Zuerst sammelte der Planeten-Embryo nämlich schnell kleine, zentimetergroße
Kieselsteine an und formte so in der ersten Million Jahren rasch einen Kern. Die
folgenden zwei Millionen Jahre waren geprägt von einer langsameren Anhäufung von
kilometergroßen Blöcken, den sogenannten Planetesimalen. Sie trafen den
wachsenden Planeten mit großer Wucht und setzen Wärme frei. "Während der ersten
Etappe brachten die Kieselsteine die Masse", erklärt Alibert: "In der zweiten
Phase fügten die Planetesimale auch etwas Masse hinzu, aber was noch wichtiger
ist, sie brachten Energie." Nach drei Millionen Jahren war Jupiter zu einem
Körper von 50 Erdmassen herangewachsen. Dann begann die dritte
Entwicklungsphase, dominiert von der Anreicherung von Gasen, die zum heutigen
Gasriesen mit rund 300 Erdmassen führte.
Das neue Modell für Jupiters Geburt passt zu den Meteoritendaten, die letztes
Jahr auf einer Konferenz in den USA vorgestellt wurden. Zunächst waren Venturini
und Alibert verwirrt, als sie die Ergebnisse hörten. Messungen der
Zusammensetzung von Meteoriten zeigten, dass in der Urzeit das Sonnensystems –
damals eine Scheibe aus Staub und Gas – während zwei Millionen Jahren in zwei
Regionen aufgeteilt war. Daraus ließ sich der Schluss ziehen, dass der Jupiter
eine Art Barriere darstellte, als er von 20 auf 50 Erdmassen anwuchs.

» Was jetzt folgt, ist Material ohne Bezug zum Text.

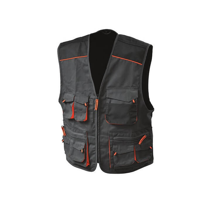 Γιλέκο εργασίας Unimac 720125. Γιλέκο εργασίας Από T/C καμβά, 270 g/m². Με διακοσμητικό στις τσέπες και επιθέματα Oxford στους ώμους. Κλείνει με φερμουάρ. Με δίχτυ στην πλάτη και με 11 τσέπες.

Während dieser Zeit muss der Planet die Staubscheibe gestört haben, und er
muss eine Überdichte erzeugt haben, welche dazu führte, dass die Kieselsteine
außerhalb seiner Umlaufbahn gefangen waren. Daher konnte sich das Material aus
den äußeren Regionen nicht mit dem Material der inneren vermischen, bis der
Planet genügend Masse erreicht hatte, um Gestein umzulenken und nach innen zu
streuen. "Wie konnte es zwei Millionen Jahre dauern, bis Jupiter von 20 auf 50
Erdmassen angewachsen war?" fragte sich Venturini. "Das schien viel zu lang. Das
war also die Frage, die unsere Studie auslöste.
Eine Diskussion per E-Mail begann unter den Forschenden des
Forschungsschwerpunktes PlanetS und in der darauffolgenden Woche organisierten
die Expertinnen und Experten aus den Bereichen Astrophysik, Kosmochemie und
Hydrodynamik ein Treffen in Bern. "Nach ein paar Stunden wussten wir, was wir
für unsere Studie berechnen mussten", erinnert sich Alibert. "Das war nur im
Rahmen des Nationalen Forschungsschwerpunkts möglich, der Wissenschaftler und
Wissenschaftlerinnen aus verschiedenen Gebieten vernetzt."
Mit ihren Berechnungen zeigten die Forschenden, dass die Zeit, die der junge
Planet im Massenbereich von 15 bis 50 Erdmassen verbrachte, in der Tat viel
länger war als bisher angenommen. Während dieser Entstehungsphase lieferten die
Kollisionen mit den kilometergroßen Blöcken genügend Energie, um die
Gasatmosphäre des jungen Jupiters aufzuheizen und eine schnelle Abkühlung,
Kontraktion und weitere Gasanreicherung zu verhindern. "Kieselsteine sind in den
ersten Phasen wichtig, um schnell einen Kern zu bilden. Aber die Wärme, die von
den Planetesimalen geliefert wird, ist entscheidend, um die Gasanreicherung so
zu verzögern, dass sie zur Zeitskala passt, die durch die Meteoritendaten
vorgegeben wird", so die Schlussfolgerung des Teams. Die Ergebnisse könnten auch
dazu beitragen, Probleme bei der Erklärung der Entstehung von Uranus und Neptun
sowie von extrasolaren Planeten mit ähnlicher Masse zu lösen.
Über ihre Untersuchungen berichten die Wissenschaftler in einem Fachartikel, der in der
Zeitschrift Nature Astronomy erschienen ist.